▶ [Data to examine]
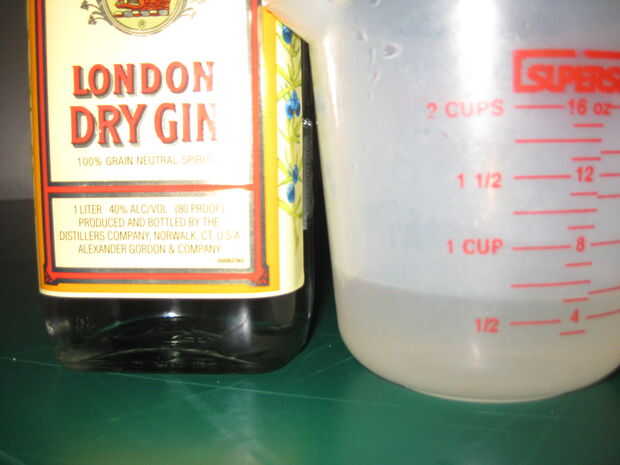 Mientras que el agua/tónica mezcla se calienta a medida 2/3 de taza de gin frío y tónico frío 1/3 taza y apartarlas.
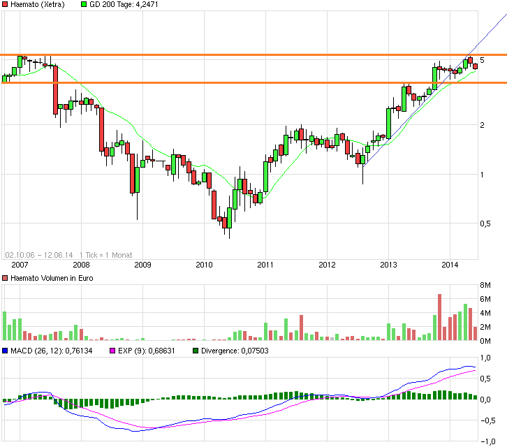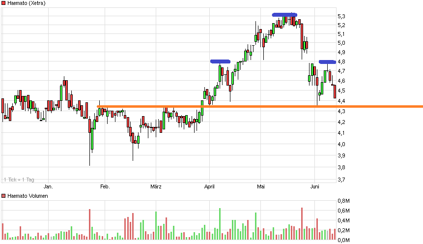 (www.4investors.de) - Die Haemato-Aktie hat nach einer Abwärtsbewegung von 5,34 Euro auf Dienstag erreichte 4,35 Euro wieder Fuß gefasst. Teile der Verluste sind rein optisch und gehen auf die Dividendenzahlung in Höhe von 0,30 Euro je Haemato-Aktie zurück, der überwiegende Teil ist damit aber ein „echter“ Kursverlust. Nun allerdings hat der Entry-Standard-notierte Titel die Chance auf eine Trendwende, nachdem die genannte Abwärtsbewegung an einer wichtigen Unterstützungszone um 4,34 Euro vorerst gestoppt werden konnte.
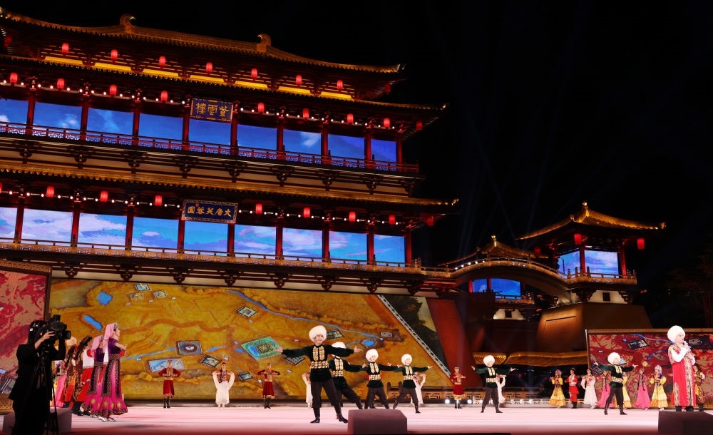 宴會后,習近平夫婦同貴賓們共同觀看中國同中亞國家人民文化藝術年暨中國-中亞青年藝術節(jié)開幕式演出。
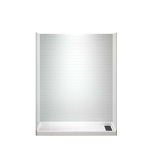 ? [COMBO KIT INCLUDES]: Kit includes a piece of 60 in. x 75 in. back wall panel, two pieces of 32 in. x 75 in. side panels, and a piece of 60 in. x 32 in. Single Threshold Shower Base in White features a Right drain, Matte Black Drain Cover
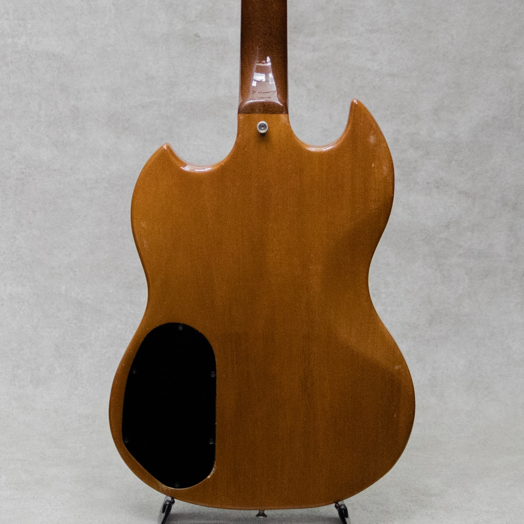 古くはマーチン、ギブソンと並び御三家ブランドとして名を馳せていたアメリカを象徴するブランドのひとつ、"Guild(ギルド)"。1963年頃にはソリッドエレクトリックも展開しはじめ、70年代を彩る多様なエレキギターの1つとして多くの憧れ、人気を集めていました。本器はマホガニーボディ、マホガニーネック、ベベルドコンターデザインのダブルカットスタイル"S-100"1975年製。プレーントップも多く作られましたが、こちらはトップを彩るどんぐりの彫刻がパッと目を惹く"Carved Top"モデル。その他も、当時としては最新のマテリアルであったであろうアクリル製クリアピックガード、スラントデザインのブラステールピース、MOPで彩られたダイナミックなヘッドストックなど、ナチュラルウォルナットカラーと相まってレトロで愛嬌のある印象ながら、まとまりのあるデザインセンスを感じさせるルック。ピックアップはオリジナルのハムバッキング。一般的な2Vol、2Toneのコントロールにフェイズスイッチも搭載。ミニスイッチでリアピックアップの極性を反転させることで、ミドルポジションで印象的なフェイズアウトサウンドも出力可能です。取り回しの良いボディに、薄くスリムなネックシェイプで演奏性も良く、ネックとボディの繋ぎ目ヒール部分は段差のない滑らかな造りでハイポジションへのアクセスも容易。ブライトな倍音感が心地よい出力は、歯切れ良くも決して硬い印象ではなく、ナチュラルオーバードライブで子気味の良いリフサウンドも抜群。リフレットがされている為、各ポジションで良い演奏性、ローアクションのセッティングができており即戦力コンディションです。経年相応の小傷等はございますが、顕著にデザイン性を損ねるダメージはなく比較的綺麗な印象。手加工の彫刻がお手元で眺めるのにも雰囲気よく、一味違ったライブギアとしても見映えするチャーミングなアイテム。ぜひご検討ください。オリジナルハードケースが付属。
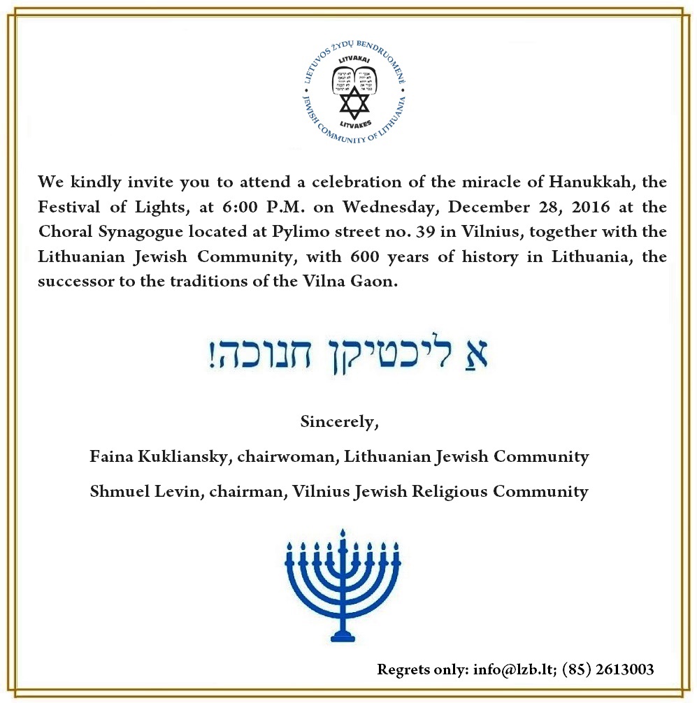 Come Celebrate Hanukkah at the Choral Synagogue of Vilnius

▶ [Work required] Could you reproduce the records above exactly, leaving out every picture?

▶ [Solution to the exercise]
 Mientras que el agua/tónica mezcla se calienta a medida 2/3 de taza de gin frío y tónico frío 1/3 taza y apartarlas.
 (www.4investors.de) - Die Haemato-Aktie hat nach einer Abwärtsbewegung von 5,34 Euro auf Dienstag erreichte 4,35 Euro wieder Fuß gefasst. Teile der Verluste sind rein optisch und gehen auf die Dividendenzahlung in Höhe von 0,30 Euro je Haemato-Aktie zurück, der überwiegende Teil ist damit aber ein „echter“ Kursverlust. Nun allerdings hat der Entry-Standard-notierte Titel die Chance auf eine Trendwende, nachdem die genannte Abwärtsbewegung an einer wichtigen Unterstützungszone um 4,34 Euro vorerst gestoppt werden konnte.
 宴會后,習近平夫婦同貴賓們共同觀看中國同中亞國家人民文化藝術年暨中國-中亞青年藝術節(jié)開幕式演出。
 ? [COMBO KIT INCLUDES]: Kit includes a piece of 60 in. x 75 in. back wall panel, two pieces of 32 in. x 75 in. side panels, and a piece of 60 in. x 32 in. Single Threshold Shower Base in White features a Right drain, Matte Black Drain Cover
 古くはマーチン、ギブソンと並び御三家ブランドとして名を馳せていたアメリカを象徴するブランドのひとつ、"Guild(ギルド)"。1963年頃にはソリッドエレクトリックも展開しはじめ、70年代を彩る多様なエレキギターの1つとして多くの憧れ、人気を集めていました。本器はマホガニーボディ、マホガニーネック、ベベルドコンターデザインのダブルカットスタイル"S-100"1975年製。プレーントップも多く作られましたが、こちらはトップを彩るどんぐりの彫刻がパッと目を惹く"Carved Top"モデル。その他も、当時としては最新のマテリアルであったであろうアクリル製クリアピックガード、スラントデザインのブラステールピース、MOPで彩られたダイナミックなヘッドストックなど、ナチュラルウォルナットカラーと相まってレトロで愛嬌のある印象ながら、まとまりのあるデザインセンスを感じさせるルック。ピックアップはオリジナルのハムバッキング。一般的な2Vol、2Toneのコントロールにフェイズスイッチも搭載。ミニスイッチでリアピックアップの極性を反転させることで、ミドルポジションで印象的なフェイズアウトサウンドも出力可能です。取り回しの良いボディに、薄くスリムなネックシェイプで演奏性も良く、ネックとボディの繋ぎ目ヒール部分は段差のない滑らかな造りでハイポジションへのアクセスも容易。ブライトな倍音感が心地よい出力は、歯切れ良くも決して硬い印象ではなく、ナチュラルオーバードライブで子気味の良いリフサウンドも抜群。リフレットがされている為、各ポジションで良い演奏性、ローアクションのセッティングができており即戦力コンディションです。経年相応の小傷等はございますが、顕著にデザイン性を損ねるダメージはなく比較的綺麗な印象。手加工の彫刻がお手元で眺めるのにも雰囲気よく、一味違ったライブギアとしても見映えするチャーミングなアイテム。ぜひご検討ください。オリジナルハードケースが付属。
 Come Celebrate Hanukkah at the Choral Synagogue of Vilnius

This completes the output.